И когда из „пежо“ вышла неимоверно худая женщина, вдвое старше меня, с запавшими щеками, на одной красовалось пигментное пятно, чрезвычайно похожая на весёлые скелеты из мексиканских гравюр, с огромной копной крашеных рыжих волос, походившей на куст, внезапно выросший прямо из головы, я конспиративно содрогнулся.
Открытая улыбка и мутновато-тёмные глаза, покрытые на белках воспалёнными жилками, что наводило мысль о наркотиках, глаза выпирали из густо напудренного лица, как при базедовой болезни. О, если бы она была одета в какое-нибудь скромное платьице! Ан нет! Дорогое, с какими-то чёртовыми кружевами и вензелями, и с головы до ног усеяна бриллиантами!
Мы плыли в ресторан, и официанты превратились в окаменевшие столбы со сверкающими взорами — ведь не каждый день залетает такая странная пара.
Я чувствовал на своей спине буравящие рентгены, я слышал мелкие смешки: с кем пришла эта экстравагантная старушка — божий одуванчик? С единственным сыном? С верным братом? С партнёром по бизнесу? Да бросьте вы, наивные люди, это же дешёвка любовник, который срывает с неё дикую деньгу, бессовестный жиголо, эксплуатирующий богатых вдовушек! Бедняга! Ведь не так легко слушать каждую ночь, как грохочут её столетние кости… (Мой добрый знакомый из семейства Романовых, мило грассировавший и вспоминавший, что матушка не любила рестораны, ибо считала, что обедать на публике неприлично, даже гордился, что свободное от живописи время проводит в фешенебельном отеле „Дорчестер“, зарабатывая на жизнь у милых бабушек. Так что любой труд честен, и если кому-то нравится грохотание столетних костей, а костям нравится грохотать, то в этом, чёрт возьми, нет ничего предосудительного.)
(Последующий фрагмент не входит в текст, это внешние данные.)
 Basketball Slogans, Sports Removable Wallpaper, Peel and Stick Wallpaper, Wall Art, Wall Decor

Как я страдал! И конечно, не только от смешков за спиной, но и от потенциального риска — ведь наша картинная пара отпечатывалась в любых мозгах, что невыносимо для разведчика, всегда жаждущего быть незаметным, как кошка ночью.
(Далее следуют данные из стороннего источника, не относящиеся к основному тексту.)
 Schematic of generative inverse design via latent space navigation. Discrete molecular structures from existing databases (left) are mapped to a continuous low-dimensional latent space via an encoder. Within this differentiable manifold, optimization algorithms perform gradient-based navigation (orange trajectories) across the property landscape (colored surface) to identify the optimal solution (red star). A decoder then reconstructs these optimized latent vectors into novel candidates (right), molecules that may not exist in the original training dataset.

Катрин блистала умом, жизнь прожила в одиночестве, которое чувствовала остро, особенно в чужой стране, отсюда и желание общаться с внимательным, чутким, живо реагировавшим на каждое слово советским дипломатом.
Политика её давно не интересовала, секретность приелась, и желание нормально общаться намного перевешивало обычные страхи контакта с русскими.
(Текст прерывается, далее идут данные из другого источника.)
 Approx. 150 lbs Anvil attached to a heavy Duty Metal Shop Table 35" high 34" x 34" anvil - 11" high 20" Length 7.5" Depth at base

Первый ужин похож на собеседование с абитуриентом, когда важны и анкетные данные, и общий образ, и все видимые и невидимые детали, вспышки улыбки, хмурость лба, количество сигарет (курила Катрин нещадно, причём едкие „Голуаз“, я задыхался и пытался укрыться в дыме черчиллианской сигары), число прикасаний к рюмке („пьёт умеренно“ — это для агентурного дела), — словом, первый ужин проходил радостно, как фейерверк.
„Я впервые здесь, в столице, встречаю такого интересного человека…“ — это я, с оскалом белоснежных зубов, элегантный, как десять тысяч роялей, не забывший (к чёрту официанта!) наполнять бокал французским шампанским „Мумм“.
„Надеюсь, мы будем друзьями, знаете, я не люблю политику, хотя ею и приходится заниматься в посольстве…“ — это хитроумный Казанова, унюхавший настрой. „Я тоже…“ — „Хорошо бы, чтобы наши встречи остались чисто личным делом… Трудно всё объяснить, но тут в стране некоторые люди пытаются бросить тень на русских“ — это снова я, и это называлось первым элементом конспирации и ложилось в досье, облечённое в рутинную фразу: „Договорились не афишировать контакт“. Успех! Успех!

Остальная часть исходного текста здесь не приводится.